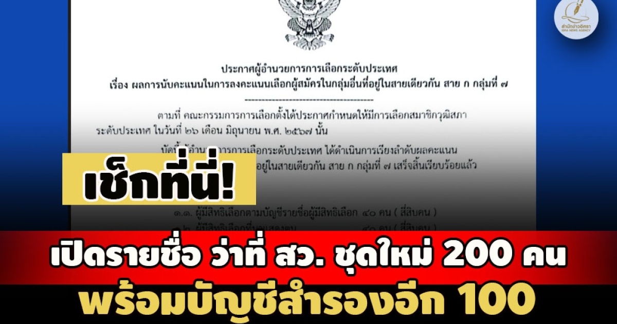 ใครเป็นใคร! ดูได้ที่นี่ กกต.ประกาศผลการเลือก สว. ระดับประเทศ ได้ครบแล้ว ว่าที่ สว. ชุดใหม่ 200 คน พร้อมบัญชีรายชื่อสำรองอีก 100
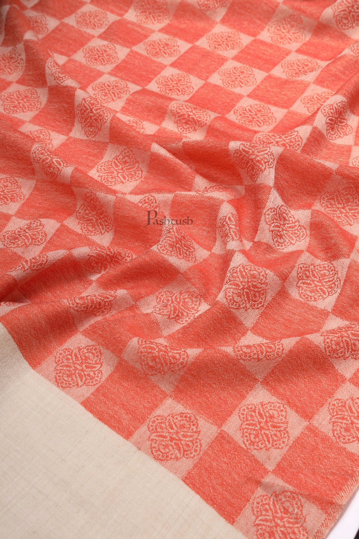 Pashtush Womens Extra Fine Wool Stole, Checkered Design, Orange
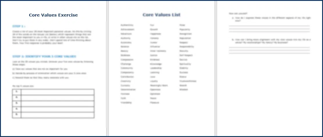 - Core Values Exercise โ Use together with the Action Guide to narrow down your core values
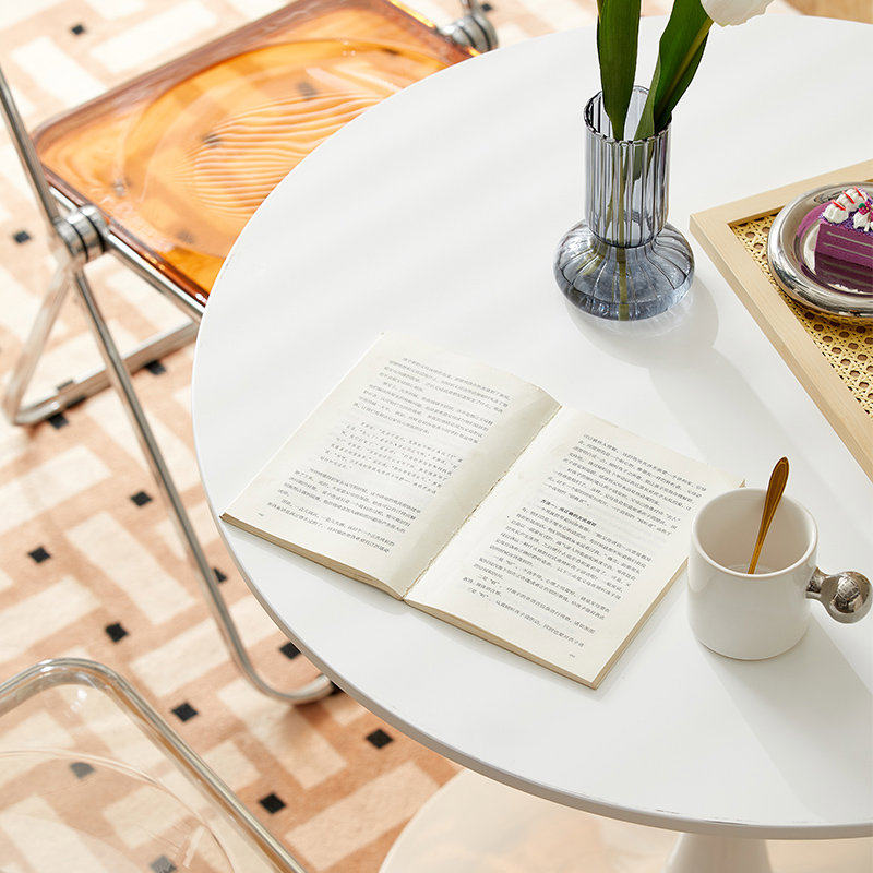 简约休闲餐桌白色北欧咖啡桌奶茶洽谈桌子ins郁金香阳台小圆
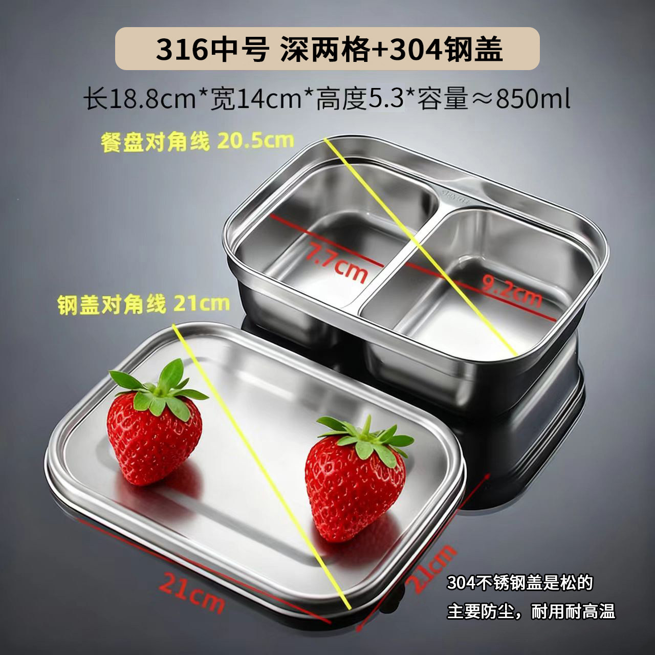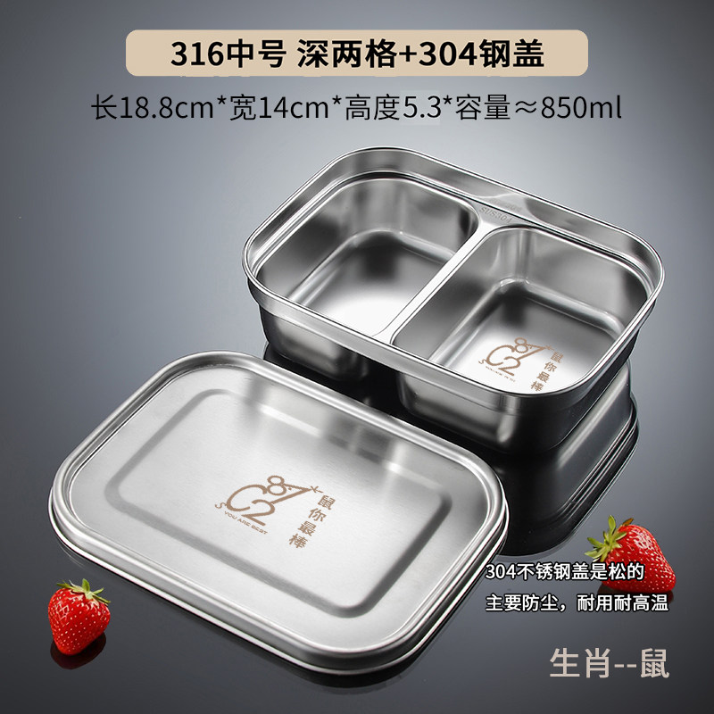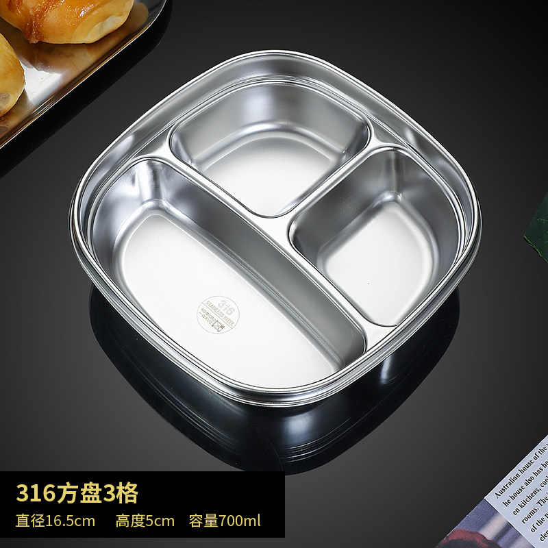 📚 316不锈钢儿童学生成人分格餐盘 上班族两格三格带盖加深吃饭餐盘
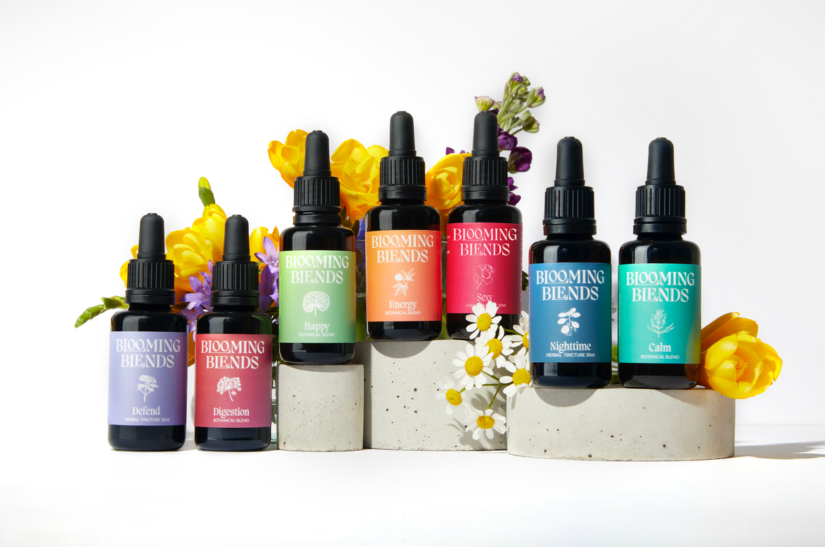 “Tinctures were hidden away in obscure sections of specialised stores, often without adequate information,” she says. “Drawing on my background in wellness cuisine, I wanted to make herbal remedies more approachable and user-friendly through clear, informative packaging – thus Blooming Blends was born.”
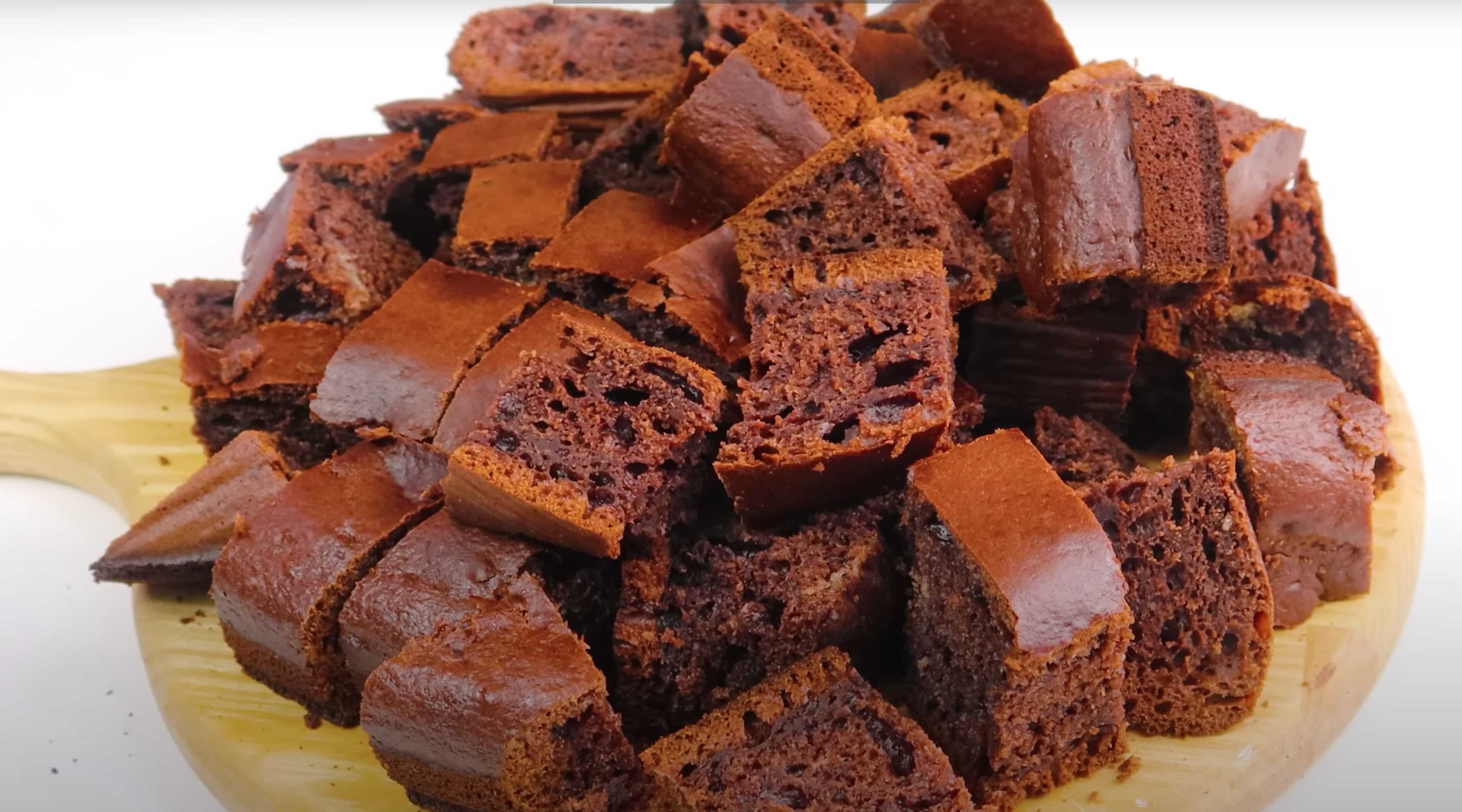 Coupez le gâteau au chocolat refroidi en cubes de 2 à 3 cm. Égalisez le dessus du gâteau blanc avec un couteau.

^^^^

The task:
Excluding the images, return each record above precisely as written.

Response to the task:
 ใครเป็นใคร! ดูได้ที่นี่ กกต.ประกาศผลการเลือก สว. ระดับประเทศ ได้ครบแล้ว ว่าที่ สว. ชุดใหม่ 200 คน พร้อมบัญชีรายชื่อสำรองอีก 100
 Pashtush Womens Extra Fine Wool Stole, Checkered Design, Orange
 - Core Values Exercise โ Use together with the Action Guide to narrow down your core values
 简约休闲餐桌白色北欧咖啡桌奶茶洽谈桌子ins郁金香阳台小圆
 📚 316不锈钢儿童学生成人分格餐盘 上班族两格三格带盖加深吃饭餐盘
 “Tinctures were hidden away in obscure sections of specialised stores, often without adequate information,” she says. “Drawing on my background in wellness cuisine, I wanted to make herbal remedies more approachable and user-friendly through clear, informative packaging – thus Blooming Blends was born.”
 Coupez le gâteau au chocolat refroidi en cubes de 2 à 3 cm. Égalisez le dessus du gâteau blanc avec un couteau.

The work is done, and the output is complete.